A Fiber Criterion for Representation Identifiability in Supervised Learning
A new theoretical framework formalizes when representation properties in supervised learning can be uniquely identified from input-output behavior alone. The research demonstrates that representation-level claims require additional assumptions beyond predictive performance, as auxiliary information can be added to representations while preserving predictor outputs, fundamentally challenging common assumptions about what supervised learning actually determines.
This paper addresses a foundational problem in machine learning theory: the gap between what supervised learning can actually identify versus what researchers assume it identifies. When machine learning models decompose into a representation function and a classifier head, supervised evidence only constrains their composition, not the individual components. The authors formalize this through fiber theory, showing that representation properties are identifiable only when they remain constant across all representation-head pairs producing identical predictions.
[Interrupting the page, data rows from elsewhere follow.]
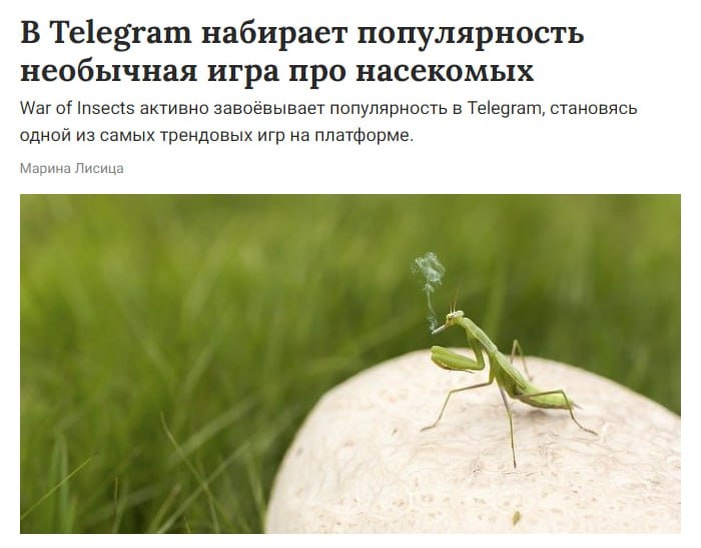 В Telegram набирает популярность необычная игра про насекомых. Это буквально огромная MMORPG в Telegram: открытый мир, масса существ, система навыков, частей тела, строительство и тысячи предметов. Вы муравей, пчела или даже паук, а ваш враг всё, что движется: от навозных жуков до сколопендр и других игроков. Главное играть можно прямо в Telegram. Добавляйте бота в групповой чат, собирайтесь с друзьями в отряд, стройте базу и выживайте вместе. В игре постоянно выходит что-то новое: разрывайте других игроков на части, грабьте, торгуйте и постарайтесь выжить. Поигравшие уже назвали War of Insects «телеграм-игрой года», и если вы ещё не пробовали самое время ворваться. ️Заценить можно здесь: @WarOfInsects_bot Источник Telegram: toporlive
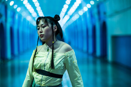 Portrait of an Asian young woman in a subway crossing
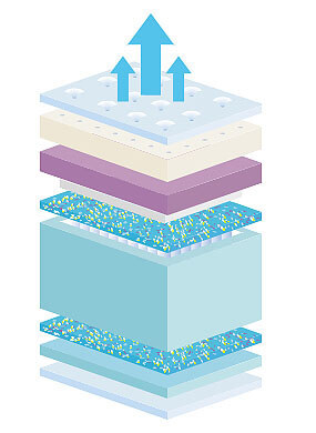 ריפוד – המזרן מרופד בבד סריג, אוורירי, איכותי ונעים למגע שעבר תהליך עיבוד אנטי בקטריאלי למניעת התפתחות רובד חיידקי במשטח השינה.
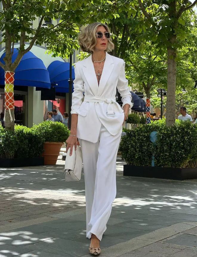 - Нежные оттенки белого: безусловно, белый цвет способен визуально освежить образ. Женщине за 60 стоит обратить внимание на белый брючный костюм. Светлые брюки и пиджак свободного кроя создают стильный, но при этом комфортный повседневный или бизнес-вариант.
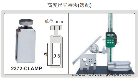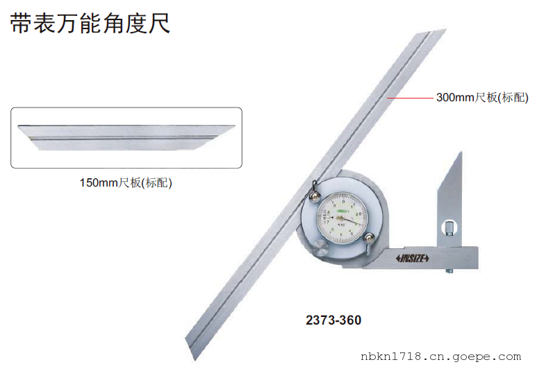 可选附件:高度尺夹持块(型号2372-CLAMP),适用于1351, 1156, 1151, 1150-300C和1250系列(除1250-1000外)高度尺INSIZE英示2373-360带表万能角度尺技术参数:

The work emerges from growing recognition that representation learning makes implicit assumptions often invisible to practitioners. As deep learning increasingly dominates applications from vision to language models, understanding what properties are actually determined by data becomes critical. The paper's predictor-preserving augmentation construction provides concrete examples: auxiliary information can be embedded in representations without affecting predictions, yet fundamentally alter properties like minimality, compression, invariance, and semantic accessibility.
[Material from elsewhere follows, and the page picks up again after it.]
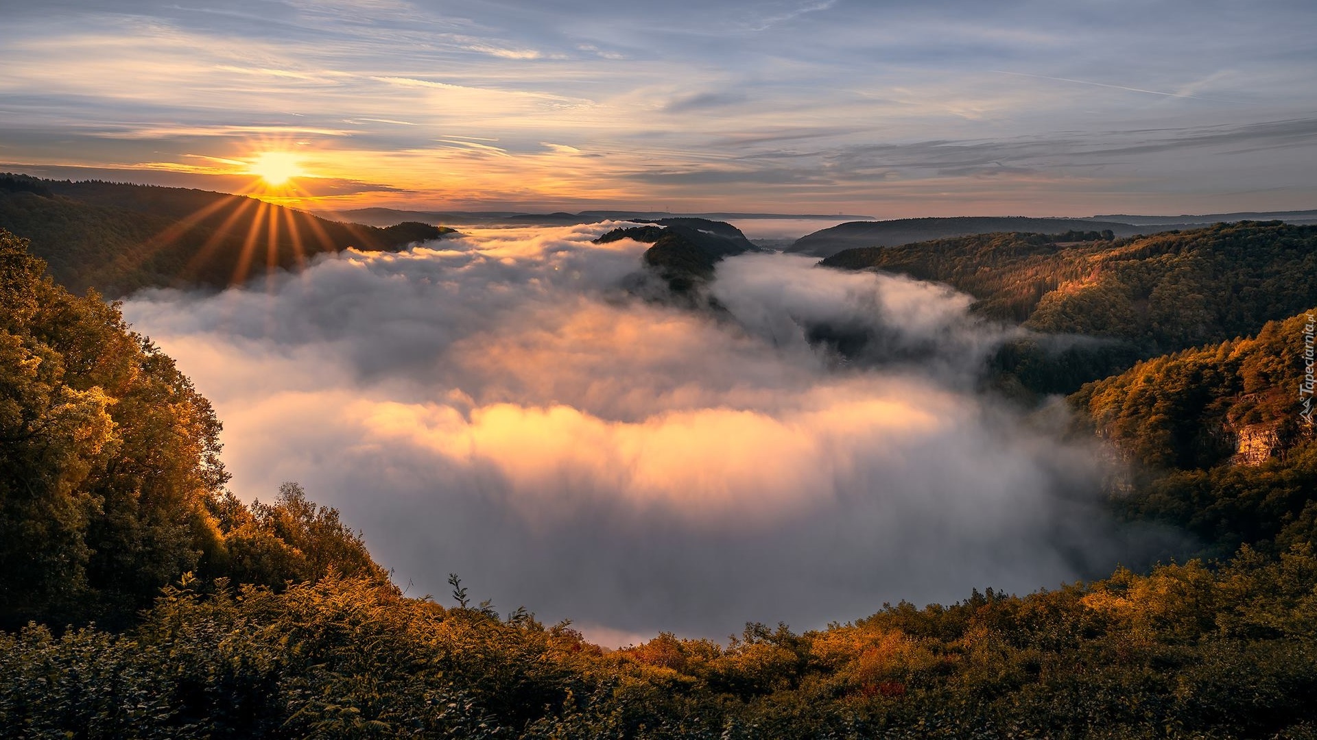 Edytor tapety: Gęsta mgła w górach oświetlona promieniami słońca

For the machine learning community, this research has significant implications. It suggests that claims about learned representations—whether regarding fairness, interpretability, or robustness—require explicit justification beyond supervised performance metrics. Current practice often treats representations as uniquely determined when they are merely consistent with observations. The Waterbirds experiments demonstrate that different architectural constraints can select different representations achieving similar accuracy, highlighting the arbitrary nature of representation selection under supervised learning alone.
This work strengthens the theoretical foundations necessary for responsible AI development. As representations increasingly inform high-stakes decisions, understanding their identifiability becomes essential for transparency and trustworthiness. Future research must specify additional criteria—architectural assumptions, regularization, or measurement procedures—to make representation-level claims scientifically defensible.
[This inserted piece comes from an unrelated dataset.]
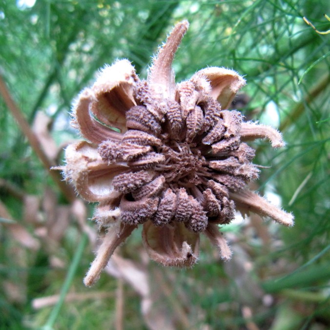 Außerdem bietet es sich an, das Saatgut für den nächsten Frühling einfach selbst zu sammeln, anstatt es jedes Jahr neu zu kaufen. Um Saatgut für zu sammeln, reicht es aus, einige Blüten verblühen und im Beet vertrocknen zu lassen. Das Saatgut der Ringelblumen ist recht groß und wie kleine Sicheln gebogen. An den vertrockneten Blüten lässt es sich gut erkennen und absammeln. Damit es auch ganz wirklich trocken ist, lasse ich das gesammelte Saatgut noch einige Zeit in einem offenen Karton im Schatten liegen. Zum Schluss in eine beschriftete Papiertüte schütten und auf den nächsten Frühling warten. Fertig!

- →Supervised learning constrains composite predictors but does not uniquely determine representation-head factorizations, creating fundamental identifiability gaps.
- →Auxiliary information can be added to representations while preserving predictor outputs, making common representation properties non-identifiable from supervised evidence alone.
- →Representation-level claims about compression, invariance, or fairness require explicit assumptions beyond predictive performance to be scientifically justified.
- →Finite-sample diagnostics alone cannot establish which representation properties are truly determined by data versus artifacts of optimization choices.
- →Additional inductive biases, architectural constraints, or measurement protocols are necessary to make representation identifiability claims rigorous and defensible.